◆ **What is needed**:
Leaving out all pictures, restate word for word the lines from the one with "Світлодіодна стрічка має" through the last line of the entries.

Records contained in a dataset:
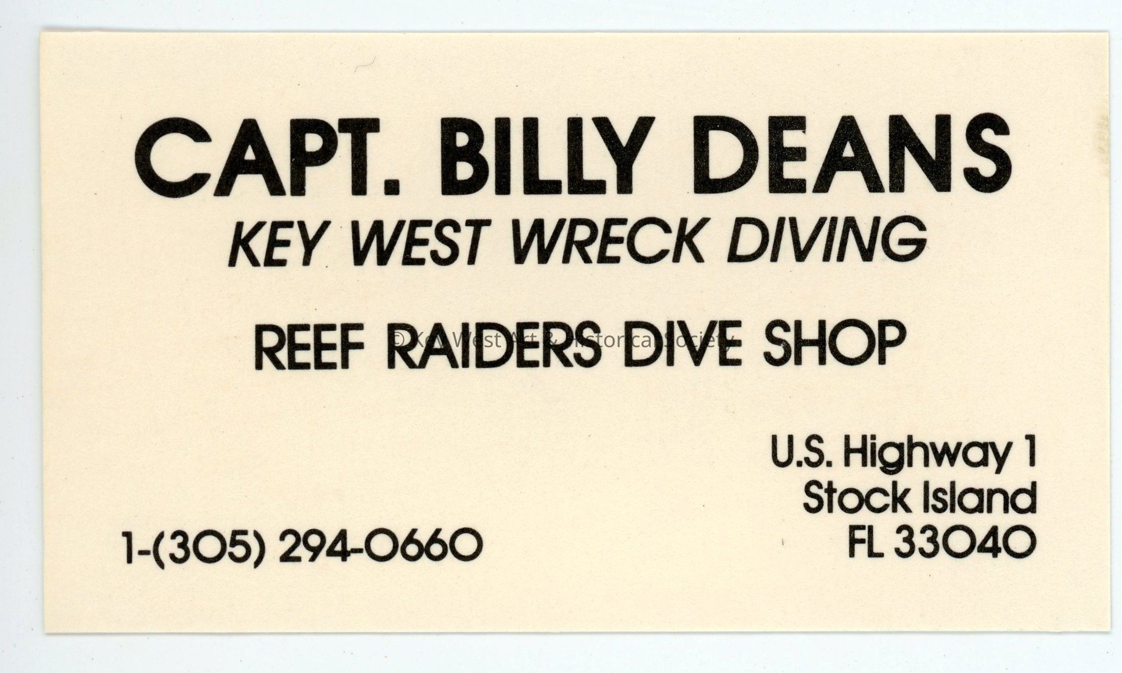 A business card for Captain Billy Deans, Key West Wreck Diving and the Reef Raiders Dive Shop formerly located on U.S. Highway 1 on Stock Island.
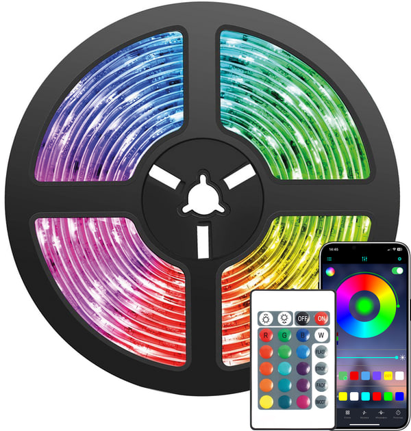 Світлодіодна стрічка має широку палітру RGB-кольорів і дозволяє регулювати яскравість, обирати режими миготіння або плавних переходів.
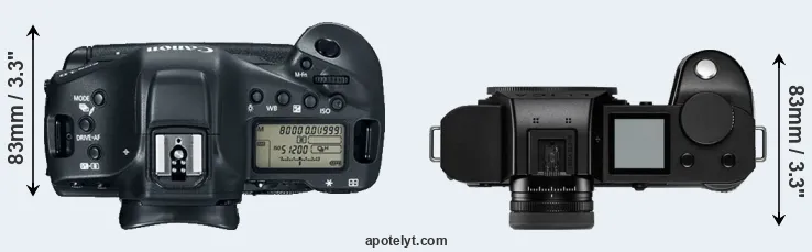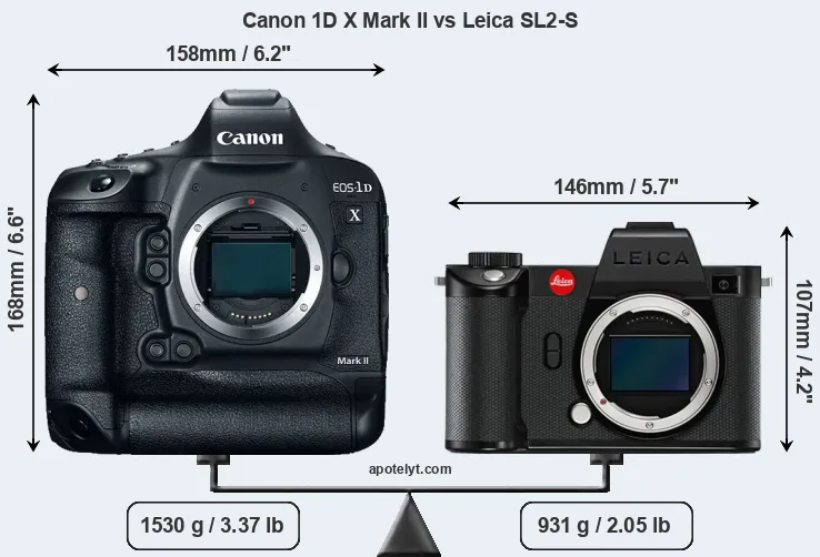 The side-by-side display below illustrates the physical size and weight of the Canon 1D X Mark II and the Leica SL2-S. The two cameras are presented according to their relative size. Three consecutive perspectives from the front, the top, and the back are available. All width, height and depth measures are rounded to the nearest millimeter.
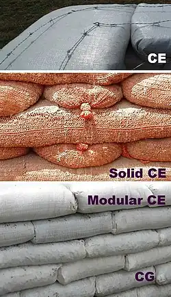 For hazardous locations, accurate terminology is needed. Contained earth (CE) is based on the original technique, but with specific soil strengths and reinforcement chosen for hazard levels. CE uses damp, cohesive, tamped bag fill, which bonds strongly with barbed wire and other reinforcement as the wall cures.
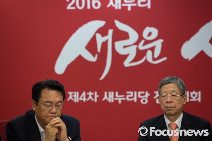 (서울=포커스뉴스) 김희옥(오른쪽) 새누리당 혁신비상대책위원장과 정진석 원내대표가 28일 오전 서울 여의도 새누리당사에서 열린 혁신비상대책위원회의에 참석하 모두발언을 마친 뒤 생각에 잠겨 있다.
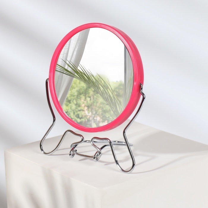 Зеркало на ножке «Овал», двустороннее, зеркальная поверхность 13,5 × 16,5 см, цвет МИКС
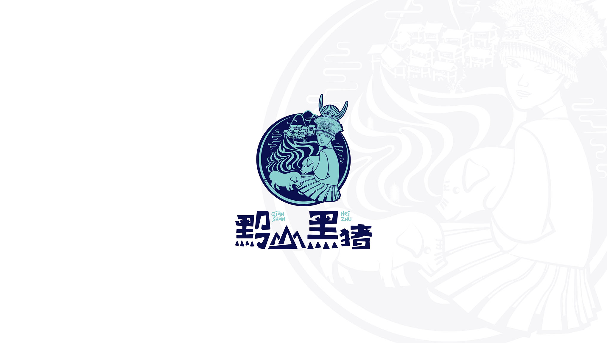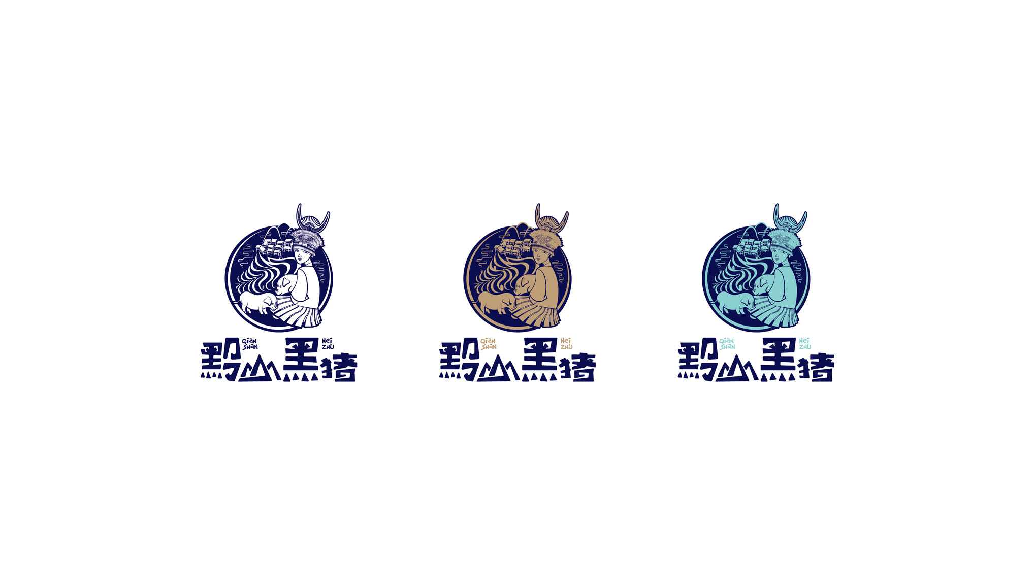 以黔山黑猪所在的雷公山苗寨元素提炼与黔山黑猪相结合,通过插画表现方式来设计logo,以此来展现黔山黑猪产品顺应自然,尊崇自然,回归自然,自然生态的原始生长方式和原始生态环境。突出了品牌的根源,更能使消费者一目了然的了解产品。利于黔山黑猪品牌的快速传播和品牌形象的打造。区别于品牌同质化产品,具有差异性,独特性,便于消费者识别。

◆ **Result for this exercise**:
 Світлодіодна стрічка має широку палітру RGB-кольорів і дозволяє регулювати яскравість, обирати режими миготіння або плавних переходів.
 The side-by-side display below illustrates the physical size and weight of the Canon 1D X Mark II and the Leica SL2-S. The two cameras are presented according to their relative size. Three consecutive perspectives from the front, the top, and the back are available. All width, height and depth measures are rounded to the nearest millimeter.
 For hazardous locations, accurate terminology is needed. Contained earth (CE) is based on the original technique, but with specific soil strengths and reinforcement chosen for hazard levels. CE uses damp, cohesive, tamped bag fill, which bonds strongly with barbed wire and other reinforcement as the wall cures.
 (서울=포커스뉴스) 김희옥(오른쪽) 새누리당 혁신비상대책위원장과 정진석 원내대표가 28일 오전 서울 여의도 새누리당사에서 열린 혁신비상대책위원회의에 참석하 모두발언을 마친 뒤 생각에 잠겨 있다.
 Зеркало на ножке «Овал», двустороннее, зеркальная поверхность 13,5 × 16,5 см, цвет МИКС
 以黔山黑猪所在的雷公山苗寨元素提炼与黔山黑猪相结合,通过插画表现方式来设计logo,以此来展现黔山黑猪产品顺应自然,尊崇自然,回归自然,自然生态的原始生长方式和原始生态环境。突出了品牌的根源,更能使消费者一目了然的了解产品。利于黔山黑猪品牌的快速传播和品牌形象的打造。区别于品牌同质化产品,具有差异性,独特性,便于消费者识别。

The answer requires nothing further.